In any year prior to this one, there would be nothing controversial about “Nuremberg.”

In fact, writer/director James Vanderbilt’s historical drama – based on a book by Jack El-Hai about the relationship between Nazi second-in-command Hermann Göring and the American psychiatrist who was tasked with studying him ahead of the 1945 international war crimes trial in the titular German city – would likely seem like a safely middle-of-the-road bet for a studio “prestige” project, a glossy and sharply emotional crowd-pleaser designed to attract awards while also reinforcing the kind of American values that almost everyone can reasonably agree upon.

This, however, is 2025. We no longer live in a culture where condemning an explicitly racist and inherently cruel authoritarian ideology feels like something we can all agree upon, and the tension that arises from that topsy-turvy realization (can we still call Nazis “bad?”) not only lends it an air of radical defiance, but gives it a sense of timely urgency – even though the true story it tells took place 80 years ago.

Constructed as an ensemble narrative, it intertwines the stories of multiple characters as it follows the behind-the-scenes efforts to bring the surviving leadership of Hitler’s fallen “Third Reich” to justice in the wake of World War II, including U.S. Supreme Court Justice Robert Jackson (Michael Shannon), who is assigned to spearhead the trials despite a lack of established precedent for enforcing international law. Its central focus, however, lands on Douglas Kelley (Rami Malek), a psychiatrist working with the Military Intelligence Corps who is assigned to study the former Nazi leadership – especially Göring (Russell Crowe), Hitler’s right-hand man and the top surviving officer of the defeated regime – and assess their competency to stand trial during the early stages of the Nuremberg hearings. 

Aided by his translator, Sgt.
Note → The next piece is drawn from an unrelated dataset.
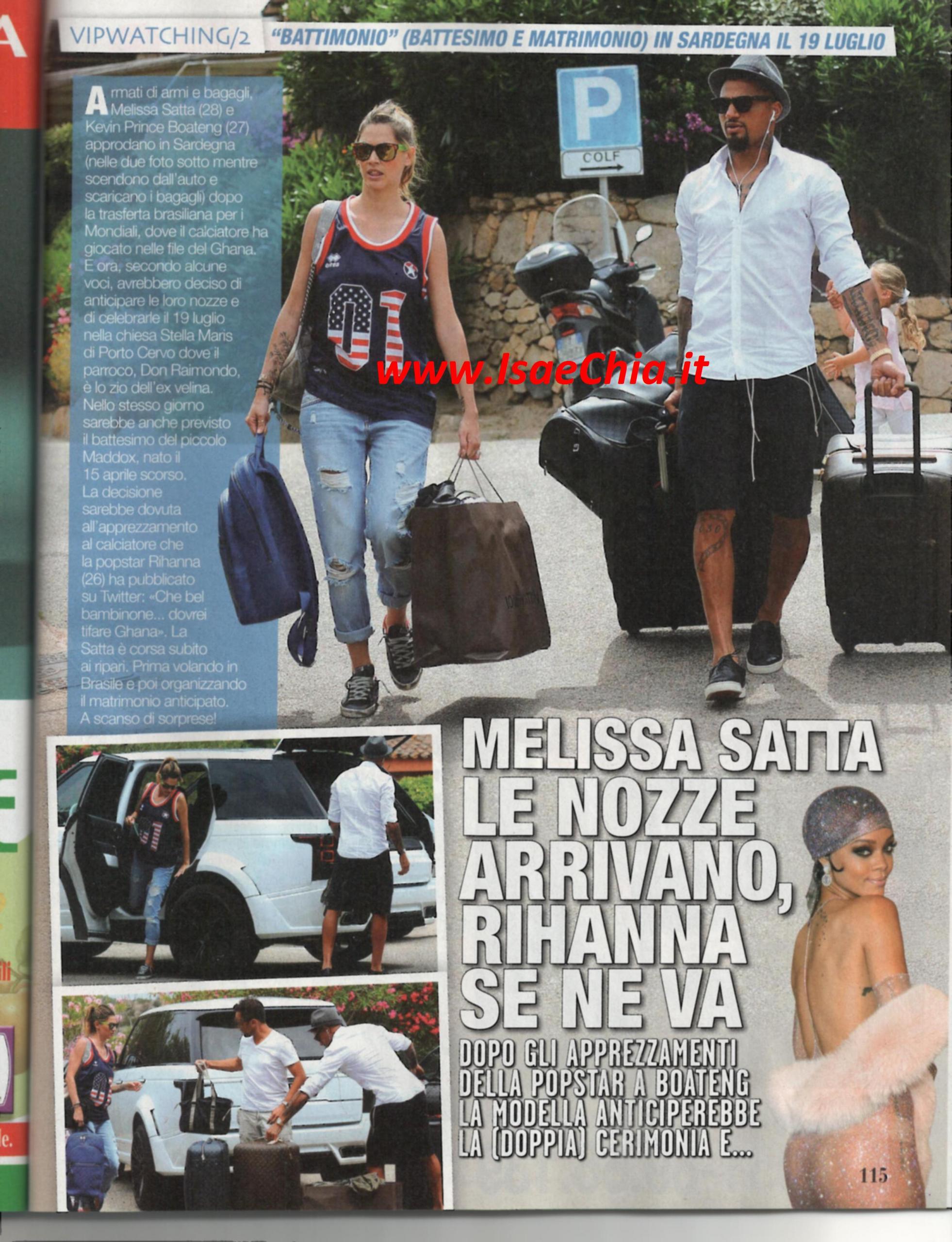 Dopo la trasferta in Brasile per i Mondiali di calcio, Kevin Prince Boateng e Melissa Satta sono rientrati in Sardegna, la terra di lei. E pare che avrebbero deciso di anticipare le loro nozze, al 19 luglio nella chiesa Stella Maris di Porto Cervo, il cui parroco, don Raimondo, è lo zio dell’ex Velina. Nello stesso giorno, inoltre, sarebbe previsto il battesimo del piccolo Maddox, nato lo scorso 15 aprile. Secondo alcuni, la decisione sarebbe dovuta all’apprezzamento che ha fatto la cantante di fama internazionale Rihanna su Boateng: “Che bel bambinone! Dovrei tifare Ghana” ha twittato lei…E la Satta è corsa subito ai ripari, così, per evitare sorprese!

Howie Triest (Leo Woodall), who also serves as his sounding board and companion, Kelley establishes a relationship with the highly intelligent and deeply arrogant Göring, hoping to gain insight into the Nazi mindset that might help prevent the atrocities perpetrated by him and his fellow defendants from ever happening again, yet entering into a treacherous game of psychological cat-and-mouse that threatens to compromise his position and potentially undermine the trial’s already-shaky chances for success.

For those who are already familiar with the history and outcome of the Nuremberg trials, there won’t be much in the way of suspense; most of us born in the generations after WWII, however, are probably not. They were a radical notion at the time, a daring effort to impose accountability at an international level upon world leaders who would violate human rights and commit atrocities for the sake of power, profit, and control. They were widely viewed with mistrust, seen by many as an opportunity for the surviving Nazi establishment to turn the fickle tides of world opinion by painting themselves as the victims of persecution. There was an undeniable desire for closure involved; the world wanted to put the tragedy – a multinational war that ended more human lives than any other conflict in history before it – in the rear-view mirror, and a rush to embrace a comforting fantasy of global unity that had already begun to disintegrate into a “cold war” that would last for decades. “Nuremberg” captures that tenuous sense of make-it-or-break-it uncertainty, giving us a portrait of the tribunal’s major players as flawed, overburdened, and far from united in their individual national agendas. These trials were an experiment in global justice, and they set the stage for a half-century’s worth of international cooperation, even if it was permeated by a deep sense of mistrust, all around.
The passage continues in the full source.